# Halloween Night Vampire Counts, a Unique work in progress!



## Azkaellon (Jun 23, 2009)

Well as a conversion project i have picked up some vampire count stuff and will be working on making a halloween themed vampire count army, i will update this thread when ever i get something new finished for now here is the first unit i work on!

Graveguard: These are made out of kit bashing empire great swords with some spare bitz off the actual grave guard spur! They will have pumpkins on there base's once i get some but here are the models for now!


























Headless Horseman:Is Being made from the mounted Count Manfred Von Carstein model. (One of my vampires, pumpkin still needed)


























Dracula (Vampire lord from 1990): Standard dracula look\paint job he will be priceless funny.

Tree Spirits(Ghouls):Basicly evily painted and posed dryads that will be used as my armys ghouls.

Great Pumpkin Cart (CorpseCart):Well i changed my idea on this im going to have it loaded with Pumpkins and hopefully a Pumpkin Man riding it to count as a Necromancer 


















Zombies:They will be holding candy and trick or treating 

Blood Knights: These are the gamezone vampire knights.


----------



## Khorne's Fist (Jul 18, 2008)

Is there gonna be a lot of pumpkins?

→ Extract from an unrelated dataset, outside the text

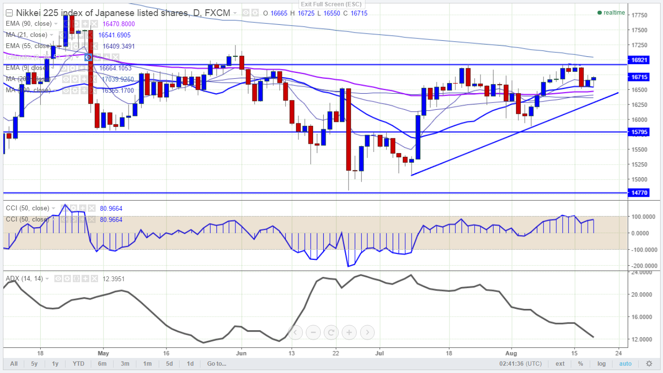 - Nikkei225 has once again regained after making a low of 16554. It is currently trading around 16678.

What other characters are you planning?


----------



## Azkaellon (Jun 23, 2009)

Khorne's Fist said:


> Is there gonna be a lot of pumpkins? What other characters are you planning?


theres a post i made about the army idea in the fluff area, but ill put them in here to.


----------



## Azkaellon (Jun 23, 2009)

Updated, Still need to do the base's and get rid of some mold lines on these guys but there coming along!


----------



## morfangdakka (Dec 31, 2006)

Yes, you need to get to work on this since you got me excited about it with your pumpkin post. I love themed armies but so many people start them and then they just drop off. I hope to see this one completed.


----------



## Azkaellon (Jun 23, 2009)

morfangdakka said:


> Yes, you need to get to work on this since you got me excited about it with your pumpkin post. I love themed armies but so many people start them and then they just drop off. I hope to see this one completed.


Oh you will i have ALL the models for it, i just need Pumpkins and skulls to get more of the army finished. Also im trying to decide if i should use bats on my cart as well.


----------



## Bubblematrix (Jun 4, 2009)

I will be watching this one, I have seen Haloween themed armies and mostly they have been far too reserved, however I get the feeling that you will ham it up properly


----------